Because it's only me who believes in me
by Michelle S
I had not have an easy childhood. My family had money problems and my father wss very abusive and an alcoholic. My mom got me when she was 17 and my sister when she was 18. Her parents died because of cancer when she was 14 so she got us because I think she wanted to build her own family because she didn't have one.
When I was 4 years old, we finally escaped from my abusive father and got into an home for woman where they are safe in an other country. Then I met my stepfather (now Exhusband of her) who also wasn't the best. He cheated after 4 years marriage on my mom and left us.

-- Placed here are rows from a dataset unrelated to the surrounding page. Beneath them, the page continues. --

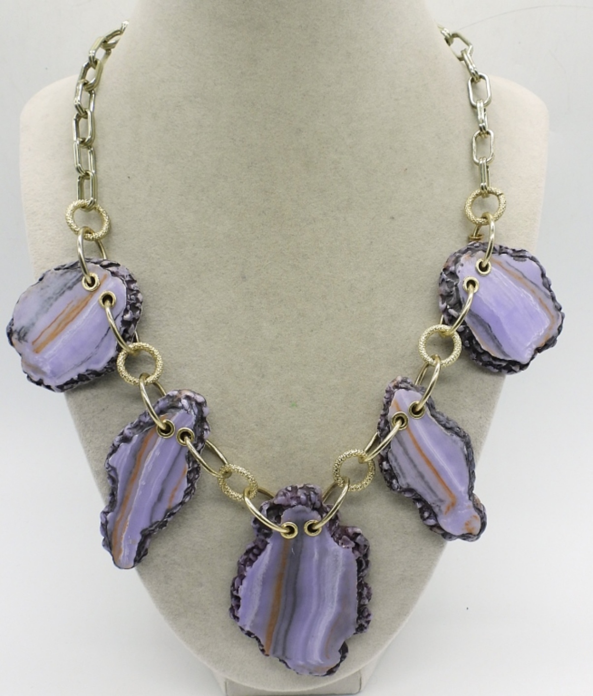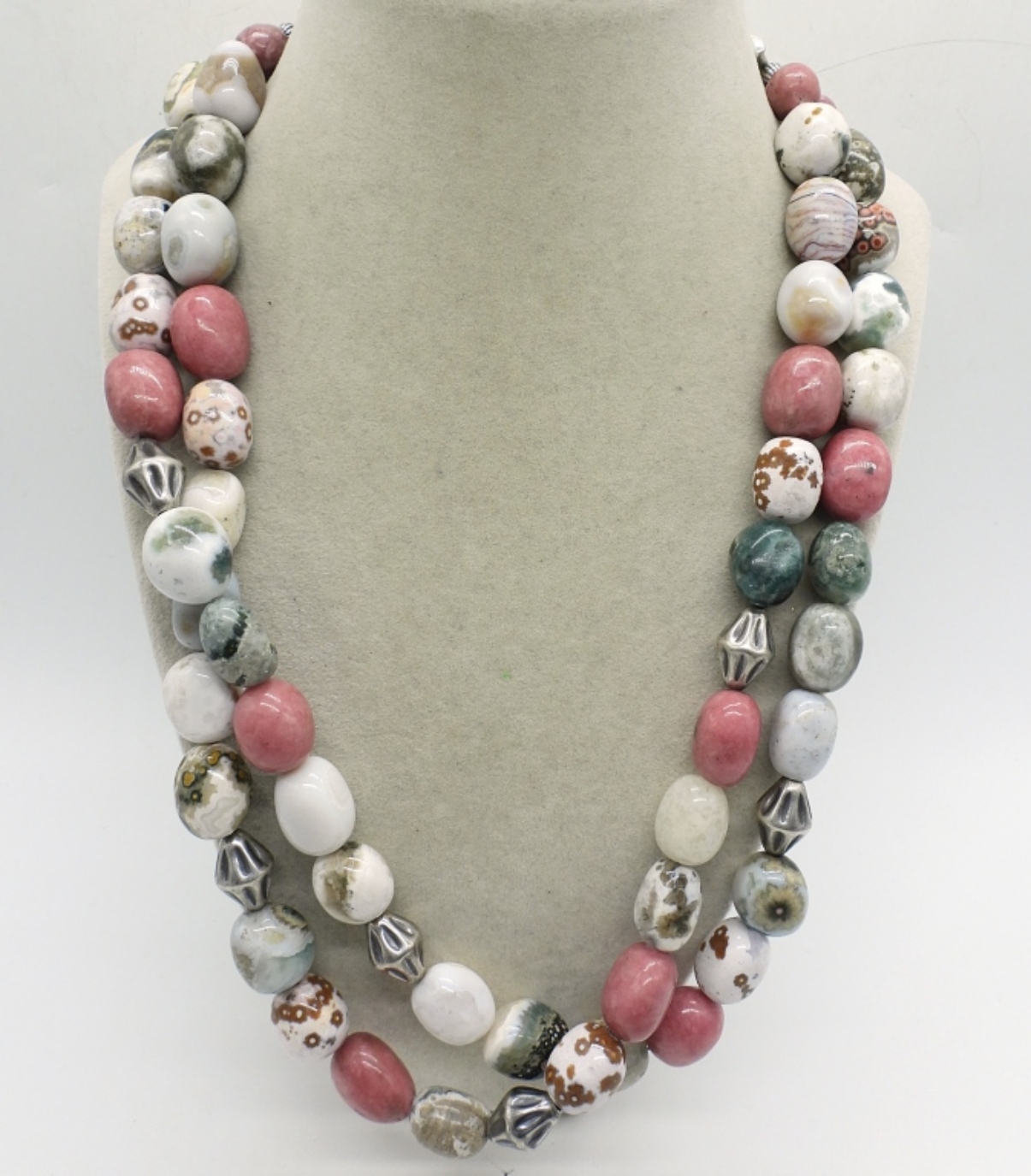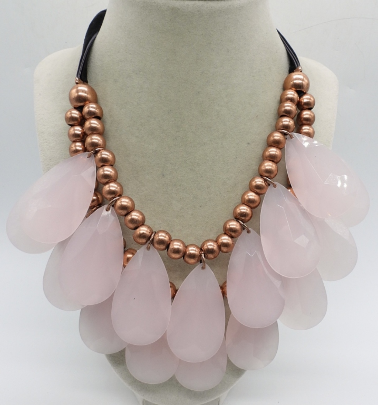 JOAN RIVERS PLASTIC “ROSE QUARTZ” NECKLACE, 20″. CAROLYN POLLACK NATURAL GEMSTONE NECKLACE, 22″. JOAN RIVERS PURPLE NECKLACE, 18″.
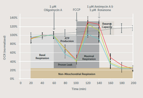 1、经典细胞氧化压力测量模式,测量细胞的基础呼吸、质子漏水平、最大呼吸、呼吸储备能力以及非线粒体耗氧等阶段。
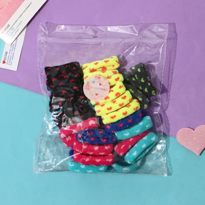 Резинка для волос "Махрушка" (набор 36 шт) сердечки, 5 см
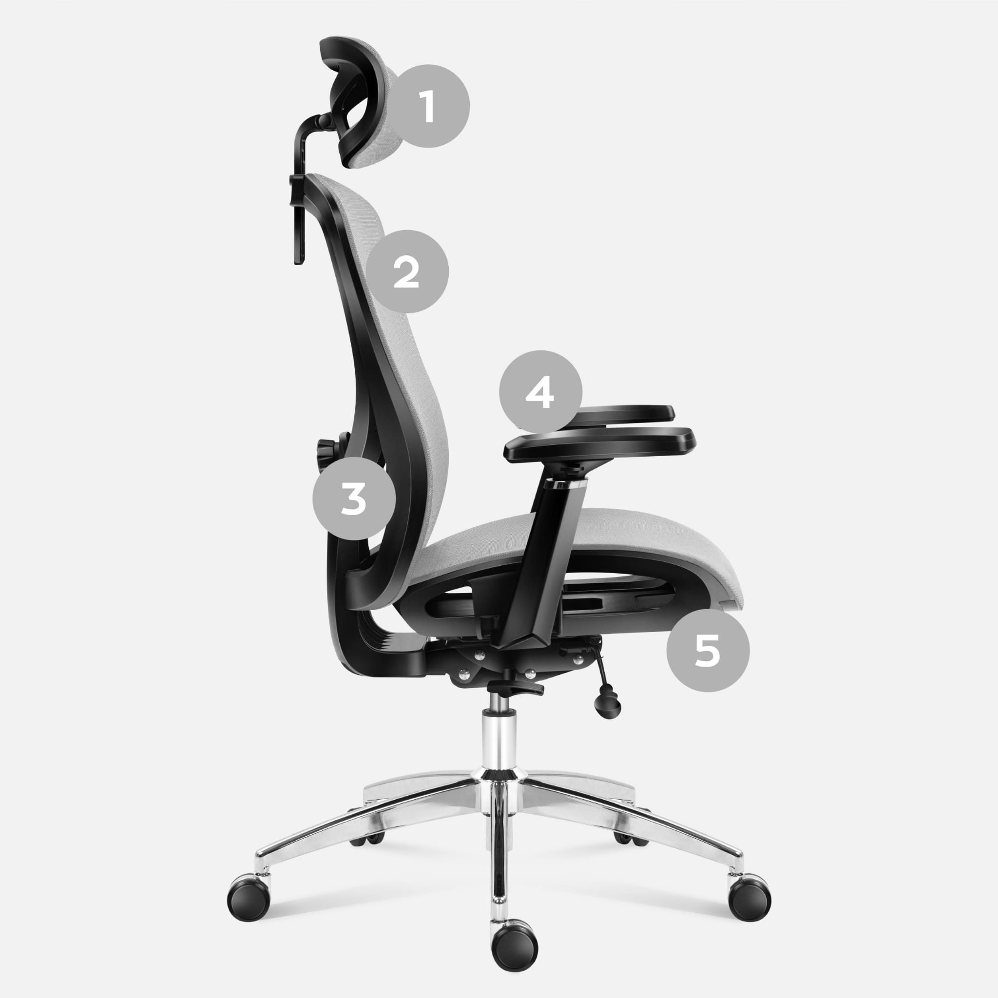 Dopełnieniem funkcjonalności fotela jest regulowany zagłówek, który zapewnia odpowiednie wsparcie dla szyi i głowy.
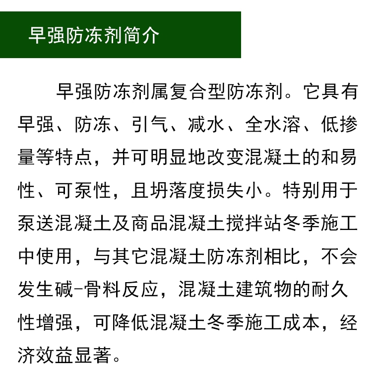 本品具有早强、防冻、泵送、低碱、无氯等特点。是负温水泥混凝土的理想添加剂。
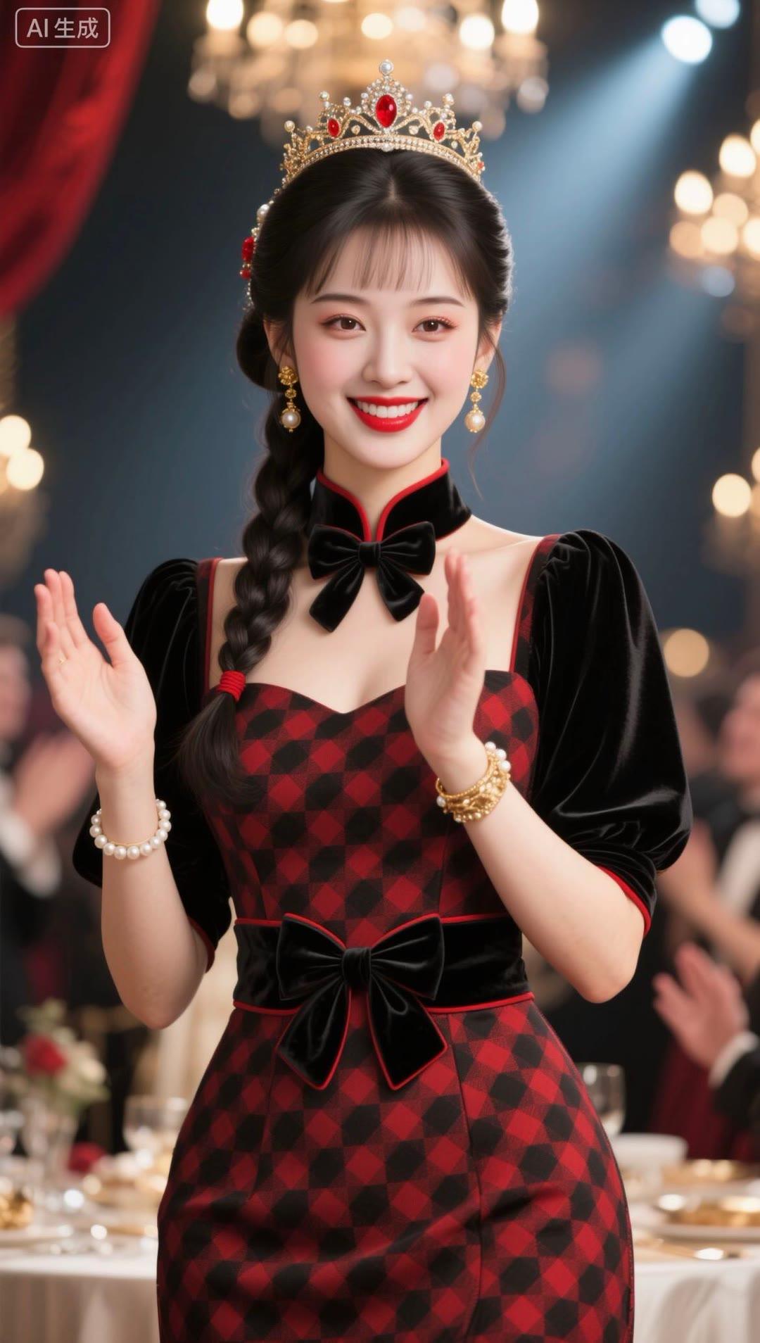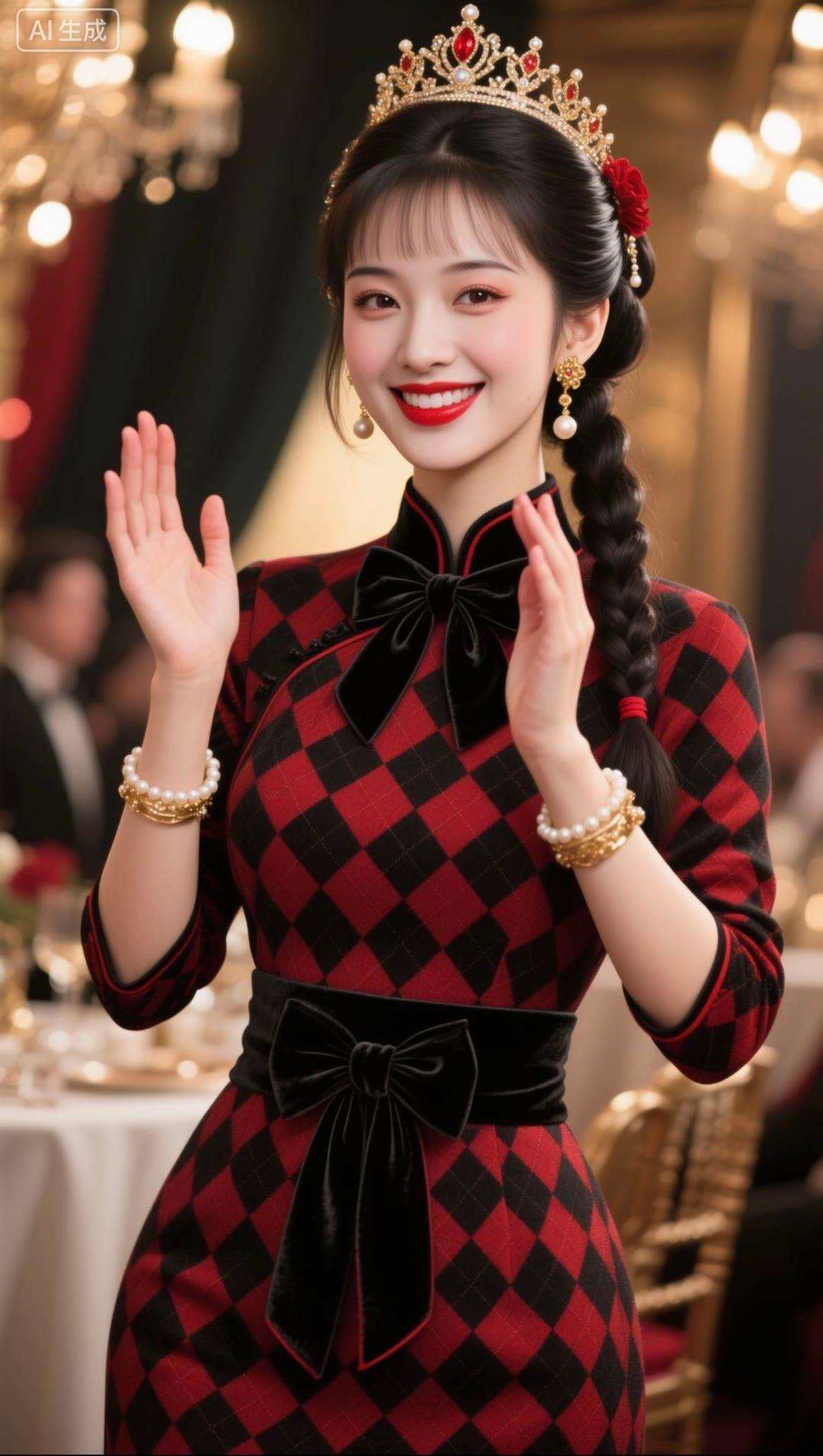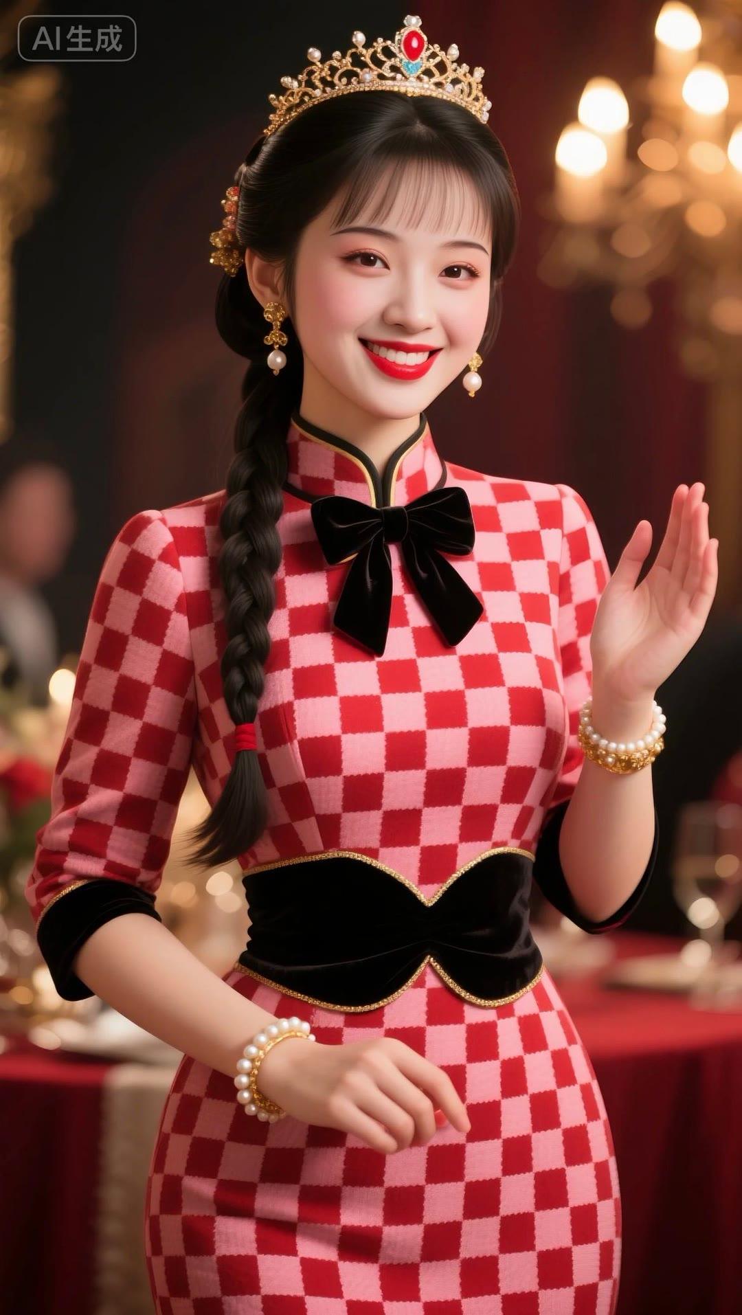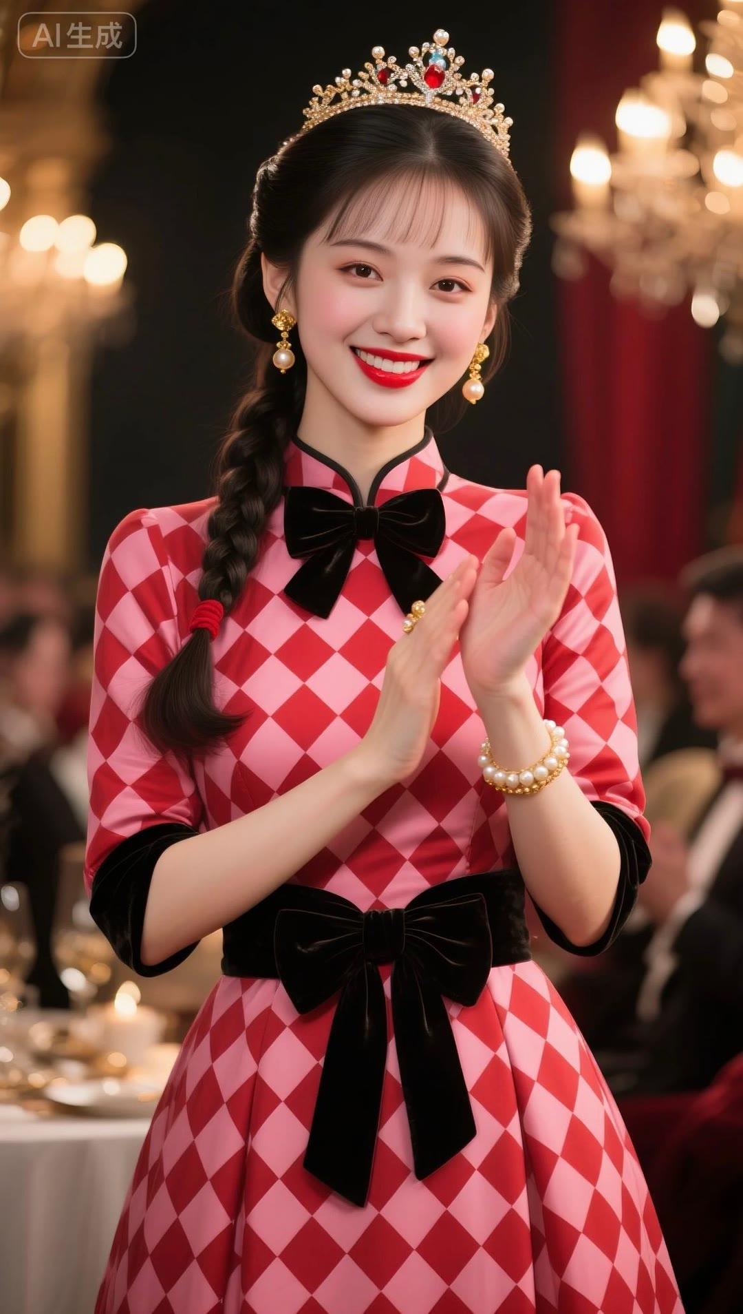 红衣美人笑,玉冠映光辉。

So basically I am now nearly 18 years old and my family consists of my mom, my 2 younger sister and me. Yes I wish I had a grandma or grandpa, you know just to see howbit feels. Or I always wished for a dad (Addidtionaly like the daughter-father-relationships in the movies!!), but you know I accept my life how it is.
But the point is, I would not accept if my future would go on like this. I had depression when I was 13 till 15 years old, and I never had many friends in school because I wasn't "normal" (I never was interested in the topics my schoolmates talked about. I always preferred to think about my future ) and I never want to feel like that again.
I am talented girl and I believe in myself that I can achieve my goal.
Now my dreams are firstly losing weight so that I feel confident
And finishing my school wirh only A's.
Then I want to go study filmpoduction or direction (to motivate other people with my movies) on an famous university in germany.
Those are my dreams, and I believe in me that I will achieve them. I will.
I want to show to everyone who thought that I am nothing and to the people in my past who left me and my family , what they miss. I want to make sure, that they remember me, and be scared to leave their now close friends and family members at the moment.
The point of why I told you about my past is, that no matter who you once were or where you are now, you can always unconditionally believe in yourself and prove one day in your lifetime to your haters, that they are just the haters and you the artist. The Artist of your life. So start your masterpiece.